Having accumulated both theoretical and practical knowledge about the main types of clauses and how to place them in a poem, the poet can improve his knowledge of poetic language by starting to use the types of consonance described below. nine0003

  • Compound rhymes. Such a favorite type of consonance by Vladimir Mayakovsky is deservedly considered one of the most original ways of rhyming, since it combines different parts of speech: for example, a particle and an adverb: molasses - again (Brodsky).
  • Homonymous rhymes . For clauses, homonyms are used here - words with different meanings, but the same in pronunciation and spelling. Example: (in the ears) rock - (in fate) rock.
  • Punning rhyme. The same, but instead of homonyms - puns. Example: the girls went to the garden at night, / As if de Sade wrote from them.
  • Internal rhyme. This is already a radically new type of consonance, since it is not a clause - it does not complete the line, but is located approximately in its middle. It is important that with such an arrangement of consonance, the size is correctly built, otherwise the poem can simply be broken at the place of internal rhyme into one more line. Example: over you, over a small river, / Over water, whose way is far... (Tvardovsky) In the example, the word "you" rhymes with "water".
  • Double internal rhyme. In this variation of the above-described consonance, words in one line rhyme, and the clauses connecting different lines may be absent altogether, as in free verse or blank verse. For example: The last time you are at your table, the last time you returned to the house, / The last time the wife carries the cake, 9 is reflected across the glass0020 (Eugene Rein).
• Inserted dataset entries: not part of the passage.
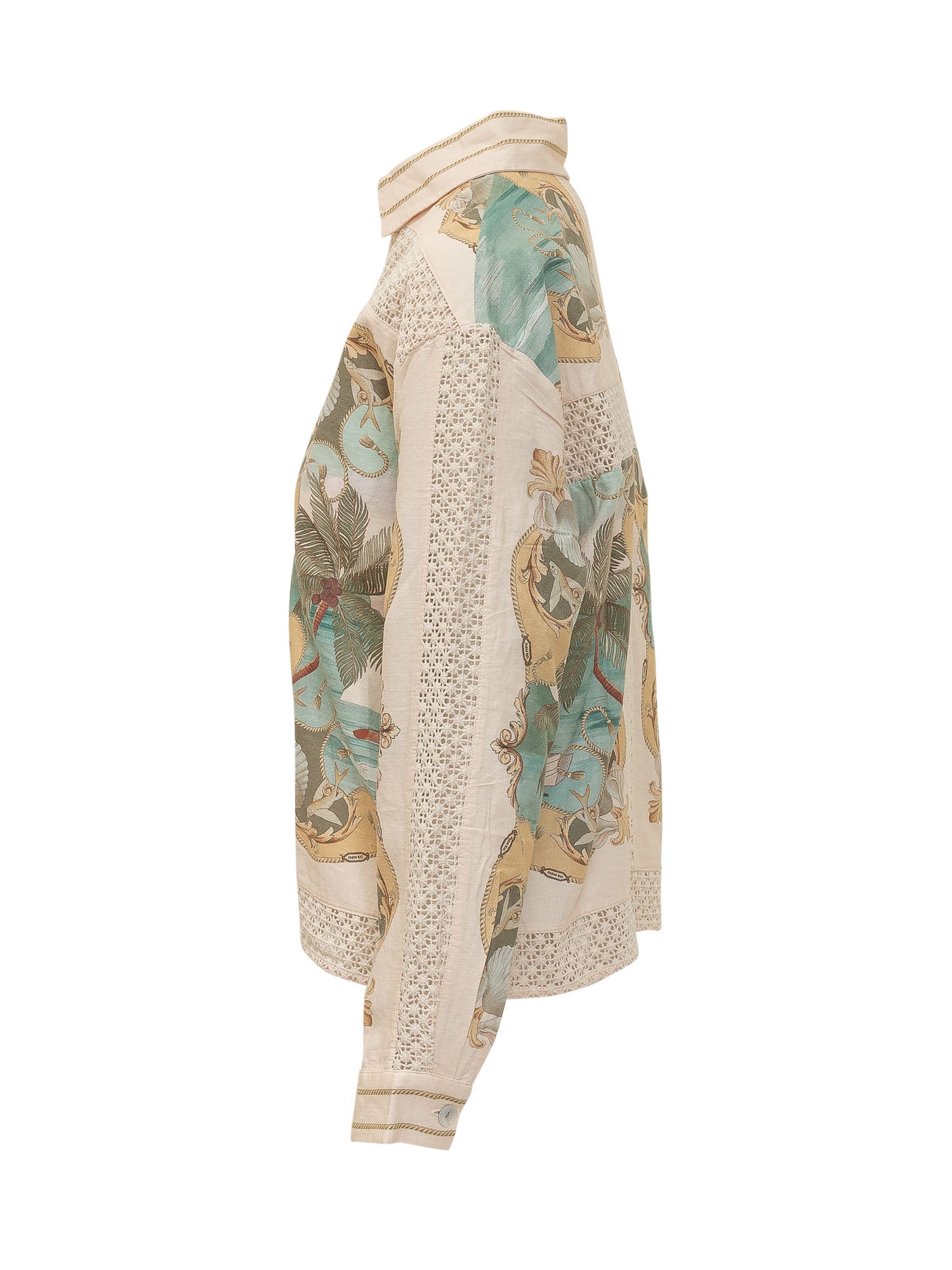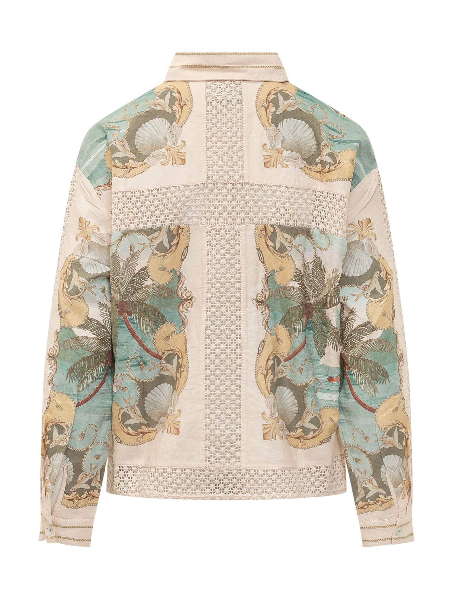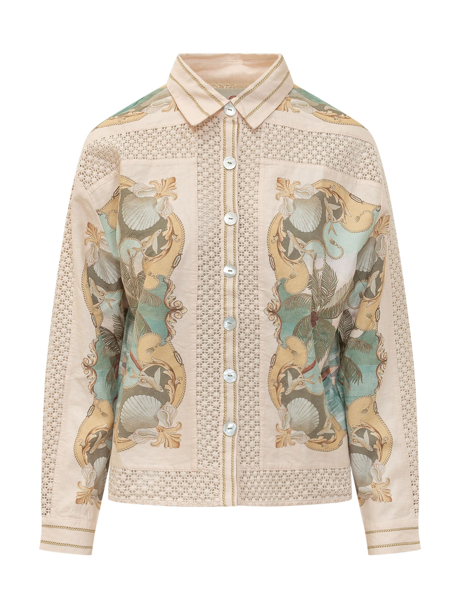 Camicia con colletto classico, maniche lunghe, chiusura con bottoni e inserti decorativi con stampa
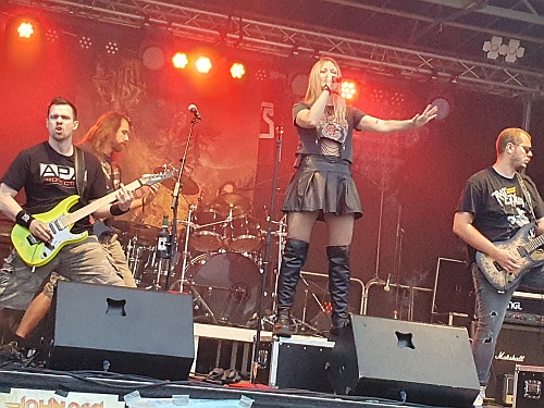 Weitere Hymnen wie „Crossroads“, „Kingslayer“ (Kein NIGHTWISH-Cover), „Mystic Knights“; „Tyrants Crown“, entfalten schon nach kurzer Zeit Wirkung. Danach ist erstmal Zeit für ne Ansage, Sängerin... stellt die Band vor, ehe es dann mit „Meteoriter“, „Ashed Remain“, „Ardent Wave“ und „Destruction“ wobei der Titel diese mehr Speed/Thrash denn Power Metal beinhaltende Killer-Brett ausnahmslos hält, was er verspricht. Zwar besteht die Frankfurter Band erst seit dem Corona-Jahr 2020 was allerdings nicht viel zu sagen hat, denn sie liefert in Welferode einen wirklich großartigen Auftritt, der sich amtlich gewaschen hat! Mit der Wucht einer Stahlwahlze wird sowohl harte Kutten-Trägerschaft zum intensiven Headbanging gebracht als auch zeitweise Pogend sich auf den Hochlandwiesen austobendes Fan-Volk, das reichlich viel Spaß am Gig hat. Das Gitarrenduo Tim Kremer/Jochen Bär soliert und rifft sich kraftvoll auf exzellentem Level in einen gewaltigen Rausch, der alle Fans auf dem Platz mitreisst! Sängerin Svenja mit fülliger Haarpracht, schwarzen Rock und hohen Stiefeln ist nicht nur optisch in Sachen Outfit ein echter Blickfang. Die sympathisch-ehrlich auf der Bühne zeigend wo's lang geht, auch gerne ausgiebig headbangende Sängerin stellt sich vermehrt auf die Box, sie verfügt ein immens vielseitiges Repertoire an Mimiken und zugehöriger Gestik. Dass die hübsche Blonde ihren kraftvollen Stimmbändern zwischendrin auch mal harrsche  teils zum Death Metal rüberluckende Growls entlockt sorgt für Erstaunen, und passt prächtig ins Gesamtbild. Selbiges gilt für Markige Ansagen mit denen sie die Meute auf dem Platz verstärkt pusht, um das feiernde Fanvolk zu ermuntern kräftigs aus sich herausgehen und entsprechend alles zu geben!
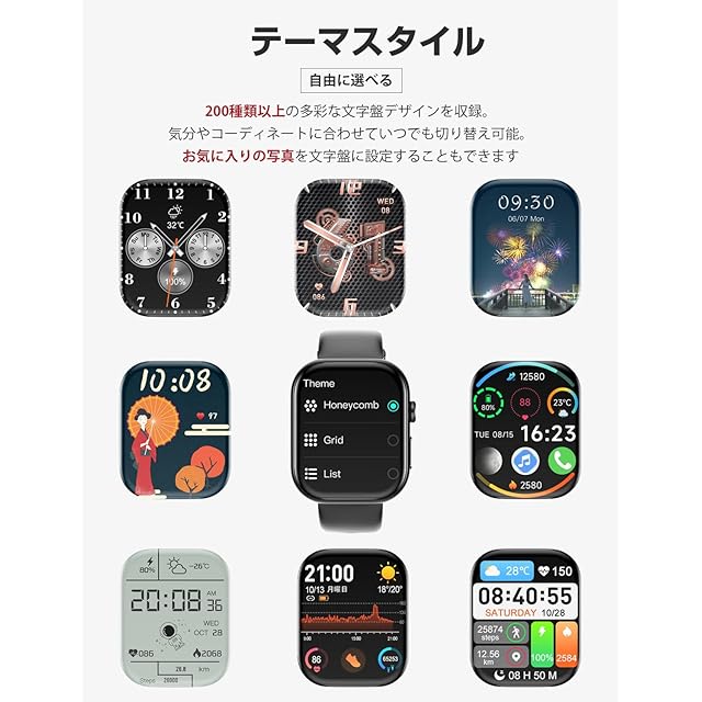 【1.9インチHD大画面・スムーズな操作感】本製品は、240×284ピクセルの高解像度を備えた1.9インチの大画面を搭載し、映像は鮮明で美しく、鮮やかな色彩と広い視野を実現しています。✨指先にしっとりと馴染むスムーズなタッチで、直感的に画面を切り替えられ、スマホのような軽快な操作性を実感。さらに、独自開発のOSを採用することで、画面遷移が速く、誰でも簡単に扱えるインターフェースを搭載しています。着信、LINE、SMS、Twitterなど各種メッセージやアプリ通知をすべて手元で素早く確認でき、無駄なくスマートに毎日を管理可能。さらに、スマートウォッチ アンドロイド対応でiPhoneも使え、ペアリングも簡単。腕を上げるだけで画面が自動点灯する「手首検知」機能を備え、必要な情報がすぐ目に入る設計。専用アプリでは100種類以上の文字盤がワンタッチで変更でき、気分やシーンに合わせて自在にカスタマイズできます。
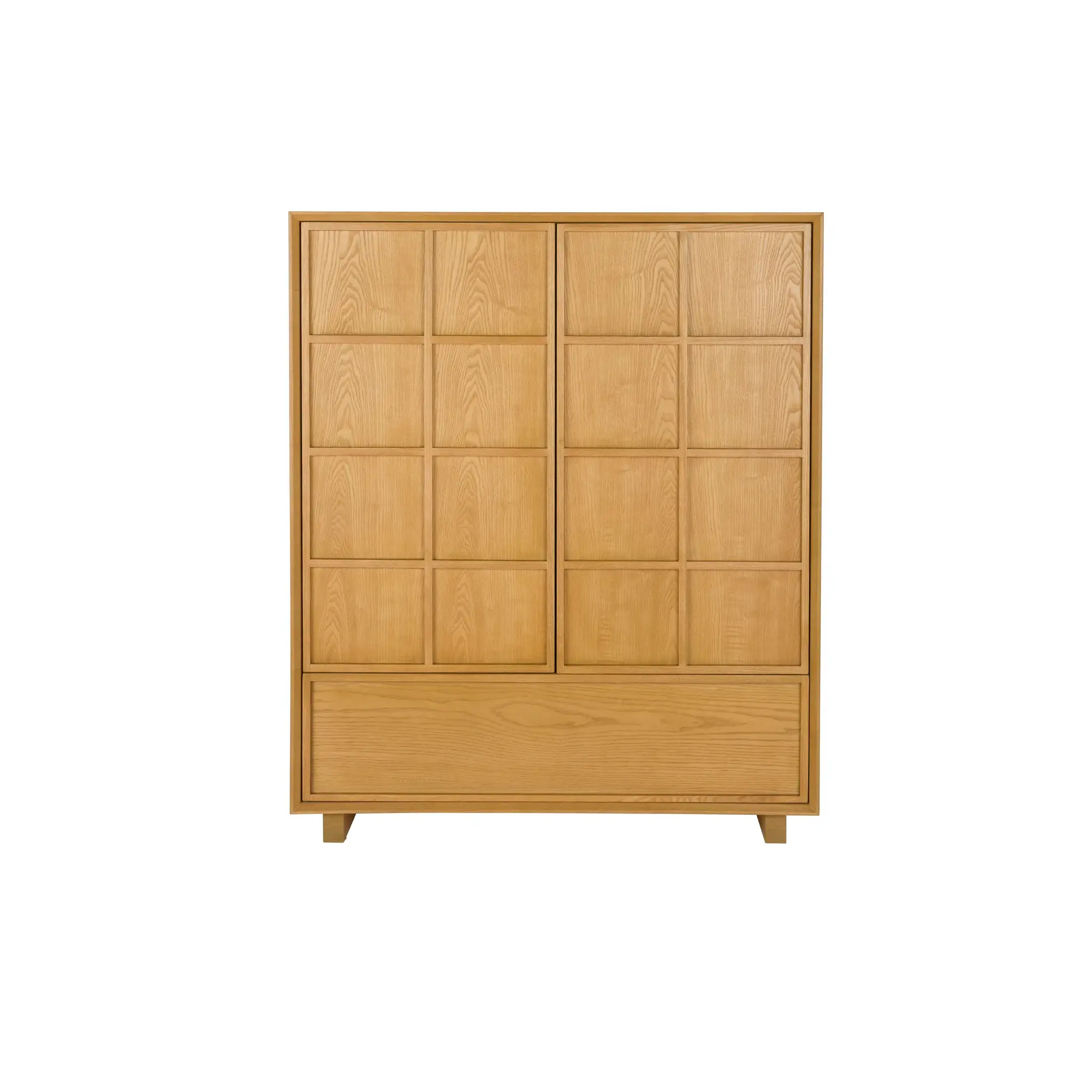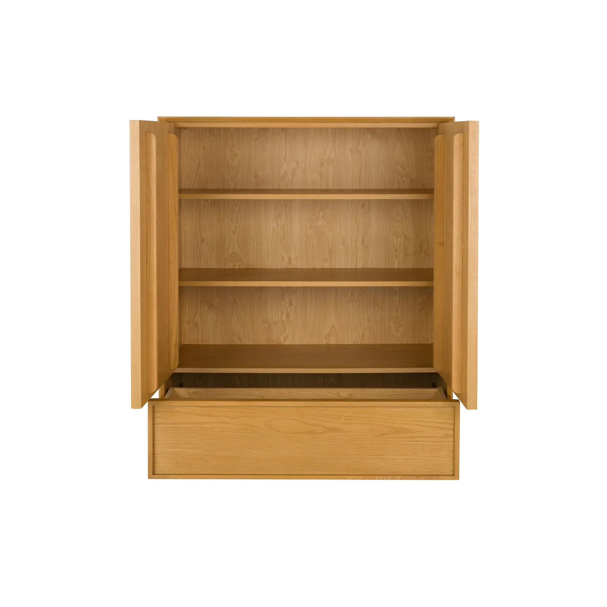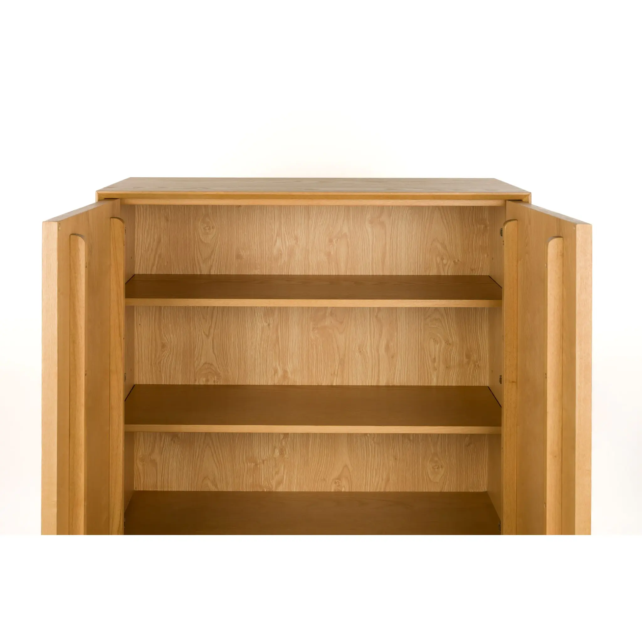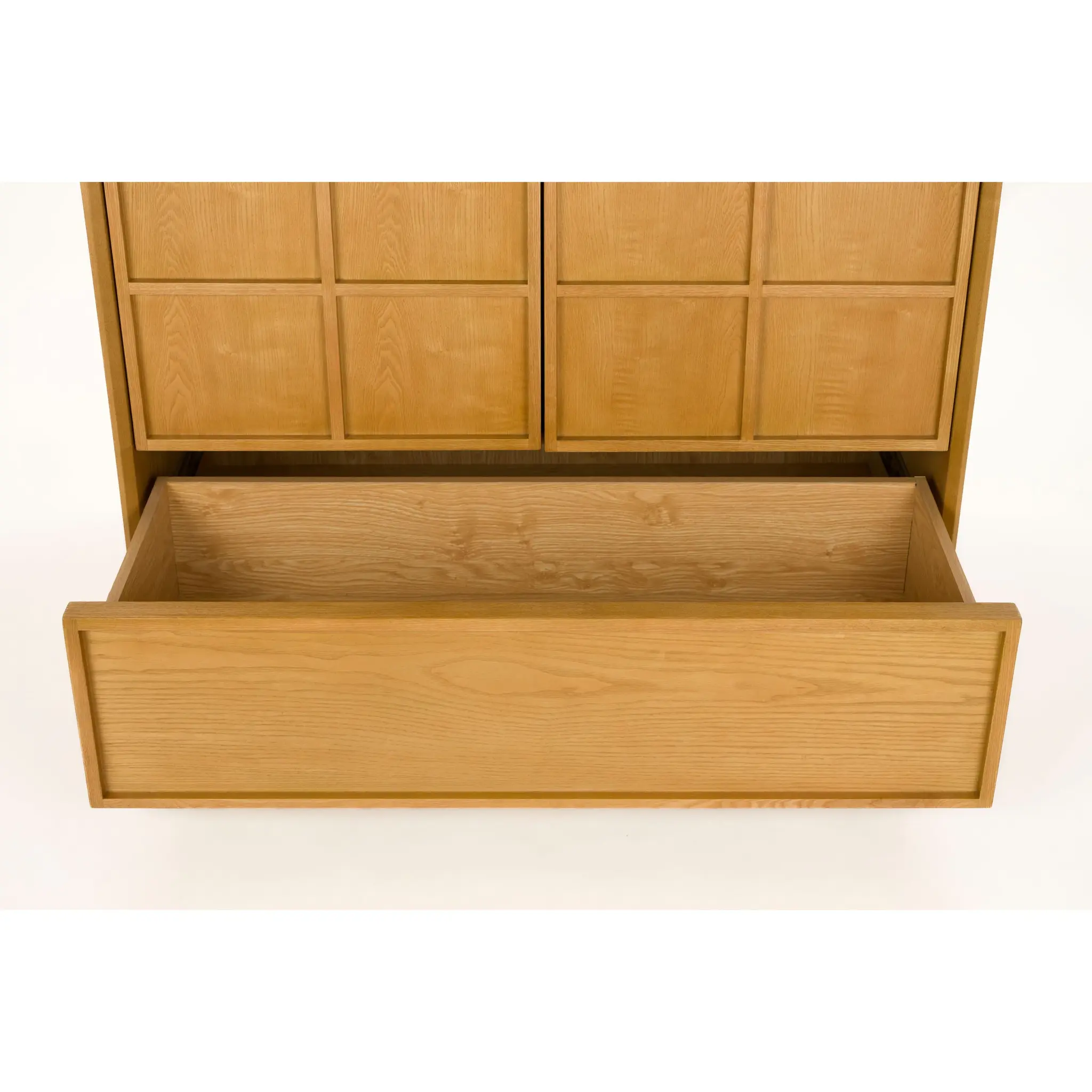 Het cabinet staat licht verhoogd op rechte pootjes, wat het meubel een luchtige uitstraling geeft en het losmaakt van de vloer. De combinatie van Japans vakmanschap en Scandinavische helderheid maakt dit cabinet tot een natuurlijke keuze voor een Japandi-interieur waar orde, eenvoud en rust centraal staan. Marie Kondō zou goedkeurend knikken.
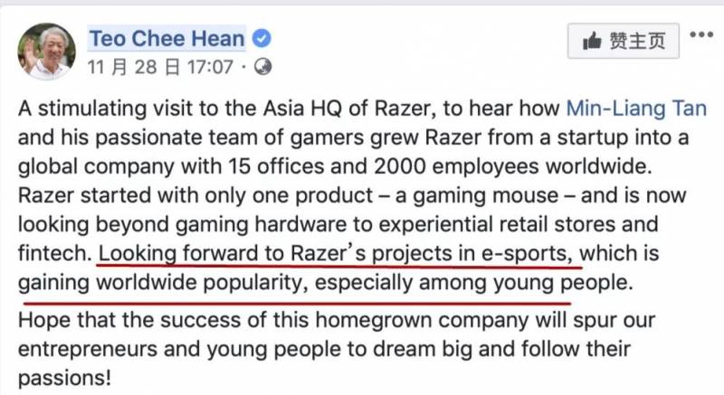 张志贤还在脸书上写道:电子竞技在全球范围内越来越受欢迎,尤其是在年轻人当中,期待雷蛇在电子竞技领域的发展。希望这个本土公司的成功能够激励我们的企业家和年轻人去追求梦想和激情!

In this example, there is no clause as such. But in these lines (also Yevgeny Rein) both the internal rhyme and the clause are already present: Under the dome the Savior in sandals and his robe curls, / The Savior who fed his contrite children.
  • Echo rhyme . The line repeats some part of the clause of the line with which it rhymes, thereby creating an echo effect. For example: Hold on, Detroit of the world! / …Oh, you! nine0020 (A. Bezymensky).
  • Pantorhyme . One of the most spectacular types of consonance, in which not the final parts of the verse (clauses) rhyme, but any number of words between (and within) two or more lines. In other words, with such consonance, the lines contain both internal and clause rhymes, which can be arranged in an absolutely non-standardized order. This rhyme is an element of combinatorial poetics and modernist trends in creativity, therefore, examples of pantorhyme cannot be found in classical works. However, it has become especially popular among rap artists, where you can find good examples: popped in for a visit, as to the south, but got stuck. / Let's keep quiet, since the language is volapuk, newspeak. (Volapyuk - rubbish; Newspeak - the official language of the ruling party in Orwell's novel "1984").

Tips for choosing rhymes

  • It's better to avoid using verbs in clauses. Although Pushkin himself in "The House in Kolomna" went against this rule - he, however, is excusable, but the work of a novice author with verbal consonances can be considered bad taste. nine0038
  • Experiments with inaccurate, poor, composite, internal and pantorhythms are best begun after at least some sufficient experience in the use of classical forms, sizes and clauses has been obtained.
  • For the correct selection of rhymes, the poet needs to say everything written aloud - not necessarily in public. If the clauses sound separately, but not in the line, then you can try to change the number of stops in the size, or even the entire size
  • nine0057

    Success in your work!

    SOUNDS, RHYMS, FORMS... | Science and Life

    Nikolai Shulgovsky (on the right, penultimate in the first row) - a student of St. Petersburg University, 1908 (published for the first time).

    View full size

    Rhymes, that is, consonant endings of words, play an important role in versification. Rhyme is an important formative element in verse and its special sound beauty. In addition, the sounds of speech themselves play an important role in the poem, for example, to depict some sound phenomenon in life and nature. There are even special (onomatopoeic) words that either literally imitate the natural phenomena they denote by sounds, or express them conditionally. The first group includes such words as, for example, buzz, whistle, whistle, crunch, crunch, howl, howl, etc. The second group includes conditional ones, for example: ah! Alas! Oh oh oh! ouch! Oh! ha, ha, ha! hee, hee! ding, ding, ding! etc., similar to exclamations issued by people on appropriate occasions, or to the sounds of known objects. nine0003

    But, in addition to special words and by combining ordinary ones, such combinations of sounds can be obtained that more or less closely express any natural sounds.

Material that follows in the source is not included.